*** Opening of Supplied information ***

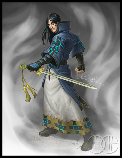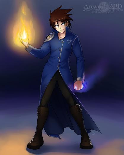 oh man, i love this guy's eyes, and the details on the sword look really good, i like how the sleeves in the jacket turned out and the fire effects look great!~
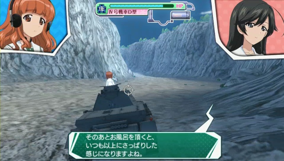 Girls und Panzer: I Will Master Tankery has a third person camera in normal mode that shows your character and the tank. Want more precision when firing shells? Switch to scope mode. It’s kind of like Silent Scope, but with more Miho Nishizumi.
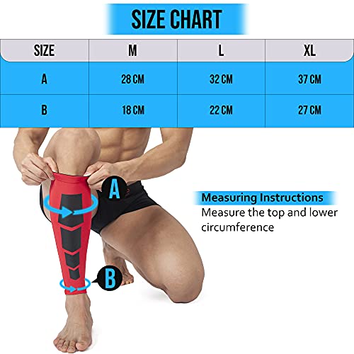 360 RELIEF Maniche a compressione per polpaccio - per sport fitness,Stecche per stinchi, crampi muscolari strappati, allenamento, circolazione, grande, rosso con borsa per la biancheria in rete
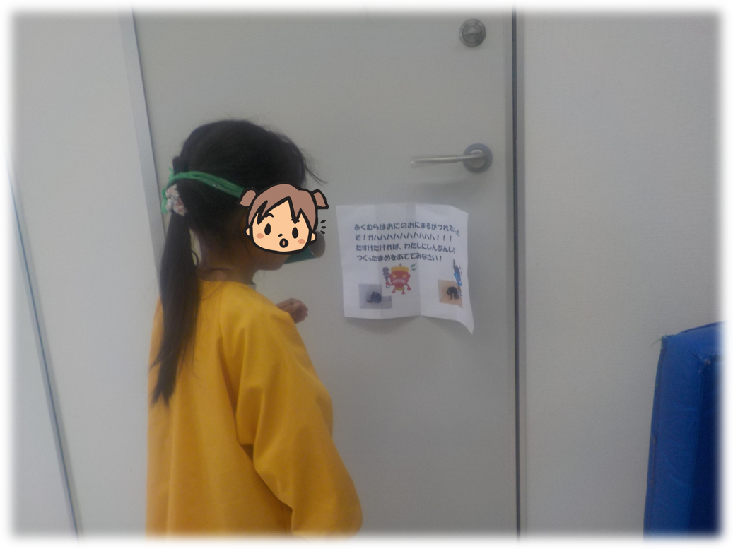 大きいクラスのお友達の部屋には鬼のおにまるからの挑戦状が!!

*** Close of Supplied information ***

Problem to solve - Would you give the data above again word for word, minus the pictures?

Answer space -
 oh man, i love this guy's eyes, and the details on the sword look really good, i like how the sleeves in the jacket turned out and the fire effects look great!~
 Girls und Panzer: I Will Master Tankery has a third person camera in normal mode that shows your character and the tank. Want more precision when firing shells? Switch to scope mode. It’s kind of like Silent Scope, but with more Miho Nishizumi.
 360 RELIEF Maniche a compressione per polpaccio - per sport fitness,Stecche per stinchi, crampi muscolari strappati, allenamento, circolazione, grande, rosso con borsa per la biancheria in rete
 大きいクラスのお友達の部屋には鬼のおにまるからの挑戦状が!!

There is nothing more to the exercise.